Department of Chemistry


Date of this Version

February 1999


Published by American Physical Society. Phys. Rev. B VOLUME 59, NUMBER 7 (1999). Copyright © 1999 American Physical Society. Permission to use.


Valence-band photoemission studies have been performed on a CoO(100) single crystal as it is slowly oxidized under 1×10-4 Torr O2 at 623 K, eventually forming a Co3O4 epitaxial film. The most significant changes occur in 3d-related features, with the peak located at the top of the valence band sharpening and shifting to lower binding energies as the spinel oxide forms. Constant initial-state measurements indicate that Co3O4 contains admixture from neighboring O 2p in its 3d band, as observed for CoO and other monoxide charge-transfer insulators. Unlike the rocksalt monoxides, which have only a single type of cobalt (Co2+) located in octahedral lattice sites, the spinel Co3O4 has both octahedral Co3+ and tetrahedral Co2+ sublattices. The peak at the top of the Co3O4 valence band results from the 3d6L final state of the octahedral Co3+ 3d band. Although some states derived from tetrahedral Co2+ may be present at the top of the valence band, the greatest contribution from the tetrahedral Co2+ sublattice appears at approximately -3.8 eV, overlapping with O 2p derived features of the spectrum.
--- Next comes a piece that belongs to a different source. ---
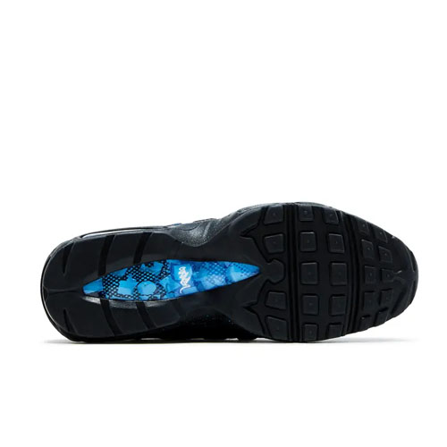 The 2024 version of the Stash x Nike Air Max 95 uses the New York graffiti artist's signature color palette. Based on their previous 2006 AM95 collab, this version is slightly different with an aqua blue ripstop upper with wavy no-sew overlays. Overlapping side panels are made from nubuck and leather, progressing on a grey gradient. Hook-and-loop patches on the tongue adorn the design, which has a concealed pouch secured with a zipper. These shoes have a black foam midsole, covered in blue speckled details and coupled with an Air-sole unit for a resilient feel.

The Co3+ 3dn-1 satellite is much less intense in Co3O4 than in CoO, as is observed for the analogous structure in the cobalt 2p core spectra. An oxygen 2p-derived structure remains fairly constant throughout the oxidation process, with the exception of an intermediate species, which imparts a broad, humplike appearance centered at -5.3 eV to the O 2p region and disappears as oxidation to Co3O44 is completed. The origin of the feature is not clear; however it is most likely due either to an adsorbate or to a defectlike intermediate in the oxidation process.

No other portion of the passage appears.